We hope your first week of classes is going well! We wanted to share two American Studies courses that still currently have available seats for students who are interested: AMST BC2001: Third World Studies and AMST BC1030: Everything for Everyone: Social Movement. You can find more information on these courses down below!

AMST BC2001: Third World Studies
Meets: MW 2:40PM- 3:55PM
Location: 302 Barnard Hall
Instructor: Manu Karuka
Link to course on CU Course Directory
Course description: Between 1967 and 1969, groups of American Indian, Black, Chinese, Filipino, Japanese, Mexican, and Puerto Rican college students began to articulate demands for a transformed university, touching everything from admissions, relations to community, and curriculum. Their proposals contributed to the Third World Liberation Front strike at San Francisco State University, the longest student strike in US history. Drawing inspiration from Gary Okihiro, founding director of Columbia’s Center for the Study of Ethnicity and Race, this course takes student activists’ proposals for Third World Studies seriously. Our readings will draw on the traditions of anti-racist and anti-colonial struggle in North America, alongside perspectives from Africa, Asia, and Latin America.

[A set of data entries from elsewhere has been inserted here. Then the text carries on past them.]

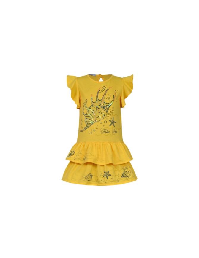 Платье-силуэт трапеция,короткий рукав-волан,юбка из двух воланов с печатью.Застежка по спинке капелька на пуговицу.Горловина окантована.Печать и вышивка-пайетки на переде.
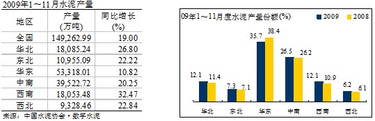 1~11月份,水泥市場逐漸見旺,產(chǎn)量以較高的速度增長,全國水泥產(chǎn)量14.93億噸,同比增長19%,增幅比去年同期提高了13.3個百分點。預(yù)計09年全年產(chǎn)量約16.4億噸,比08年約增加2.4億噸,同比增長約為17%。
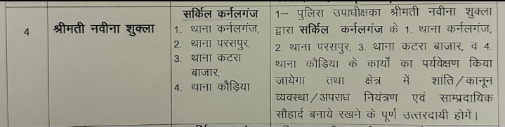 गोंडा : श्री मती नवीना शुक्ला को सर्किल करनैलगंज का नया क्षेत्राधिकारी बनाया गया है ।
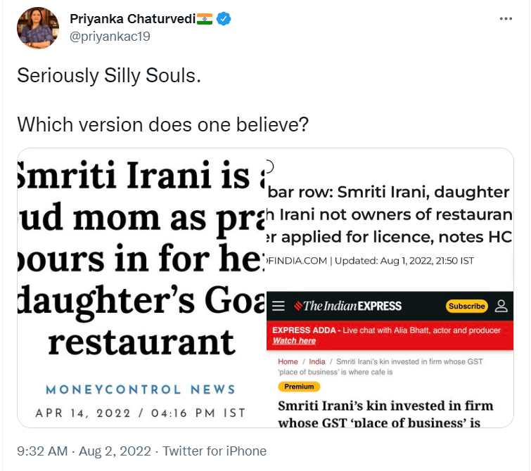 Priyanka Chaturvedi has the right to disbelieve the lawyer of Zoish Irani out of political compulsions. However, the confusion over the ownership, as claimed by the Sena leader, would have still made sense if the matter was raised in April 2022.
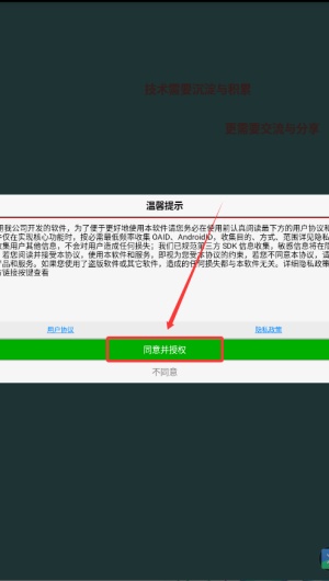 1、当您首次启动该软件时,请务必点击同意用户协议以进入主界面。
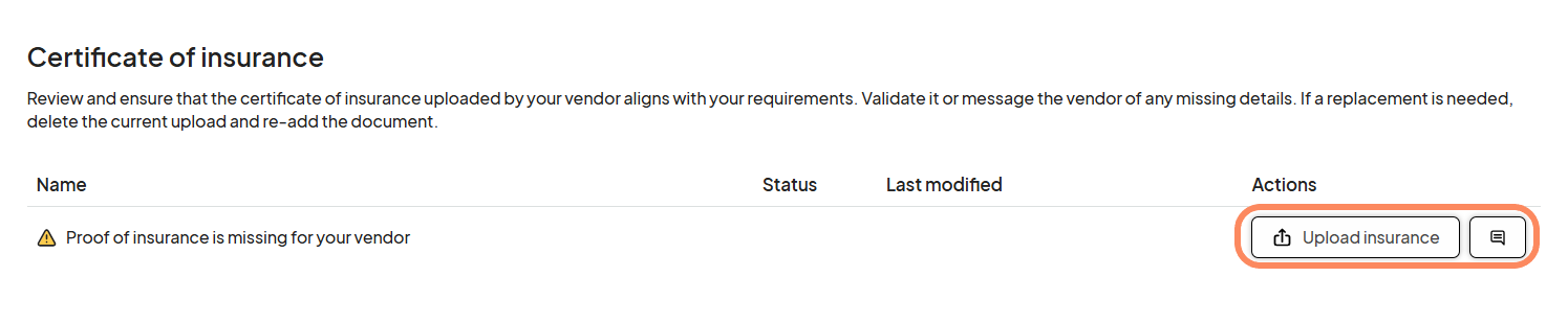 - Within the submission, you can view the status of the proof of insurance, see the last modified date, and take actions such as manually uploading the insurance or messaging the applicant about it.
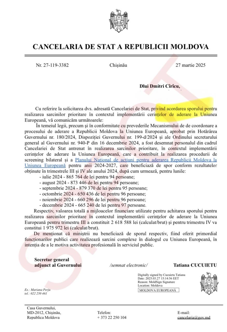 În a doua jumătate a anului 2024, Cancelaria de Stat a cheltuit peste 4,5 milioane de lei din bugetul public pentru acordarea unor sporuri salariale destinate funcționarilor implicați în procesul de aderare a Republicii Moldova la Uniunea Europeană. Informația a fost publicată de canalul de Telegram SPPOT, în baza unui răspuns oficial semnat de Tatiana Cucuietu, secretar general adjunct al Guvernului.
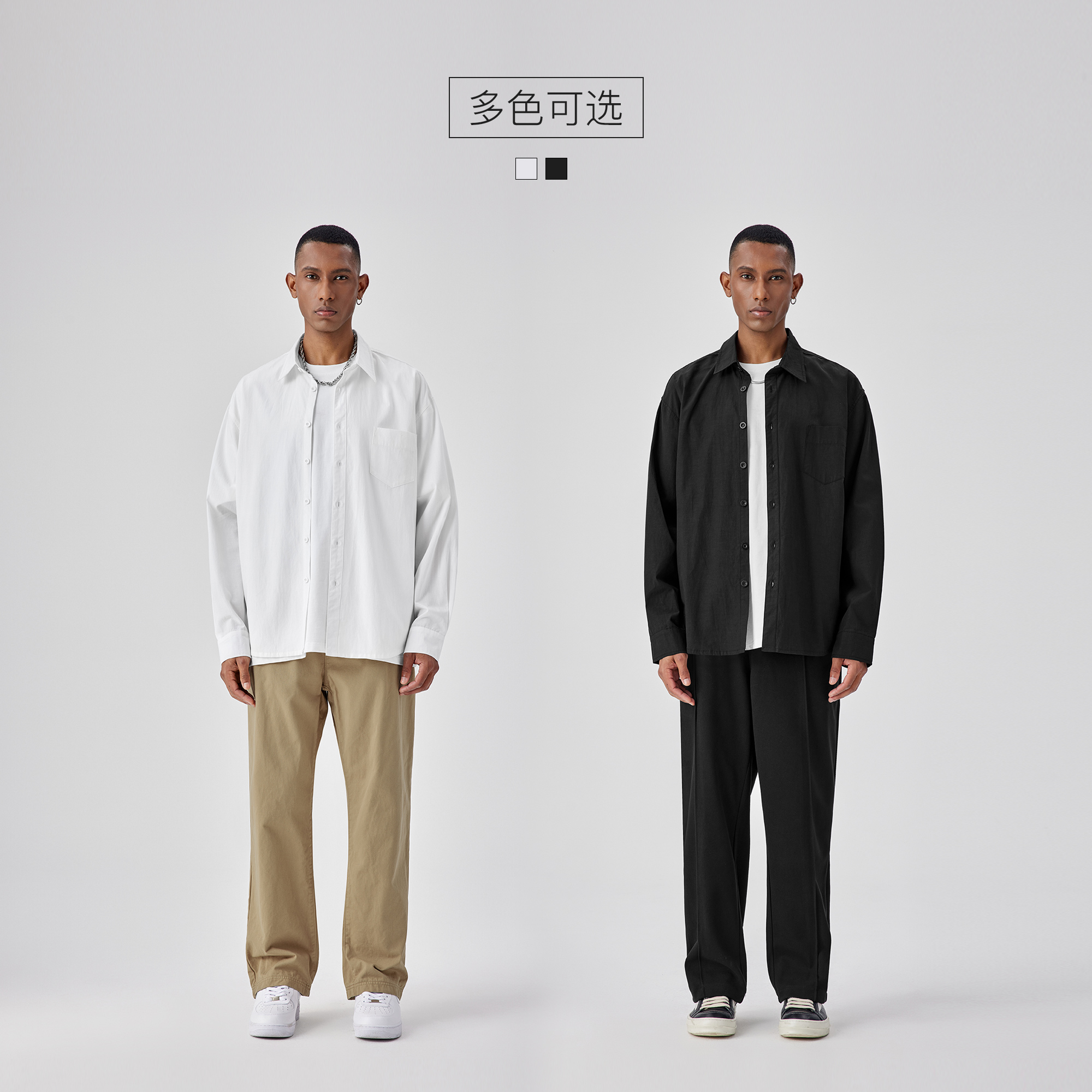 男宽松休闲梭织垂感潮牌上衣 衬衫 BODYDREAM美式 复古长袖

AMST BC1030: Everything for Everyone: Social Movement
Meets: MW 8:40AM - 9:55AM
Location: 302 Barnard Hall
Instructor: Dani Joslyn
Link to course on CU Course Directory
Course description: Over the past months, social movements have captured the nation’s attention: from protests against immigration enforcement to Zohran Mamdani’s campaign for mayor of New York City. From the Haitian and American Revolutions to the campaign for an eight-hour day, the Civil Rights movement, indigenous demands for land back, and Black Lives Matter, this course will explore the long history of movements for economic and social justice across North America. Questions that we will explore together include: how have different groups demanded economic justice over the past two hundred years? What lineages and breaks can we trace in these efforts? What divisions emerged among and within various movements over time? How did groups debate and disagree over the concept of “socialism” and what their ideal visions of liberated society would be? What role have race and gender played as dividing lines and as sites of new liberatory forms of struggle?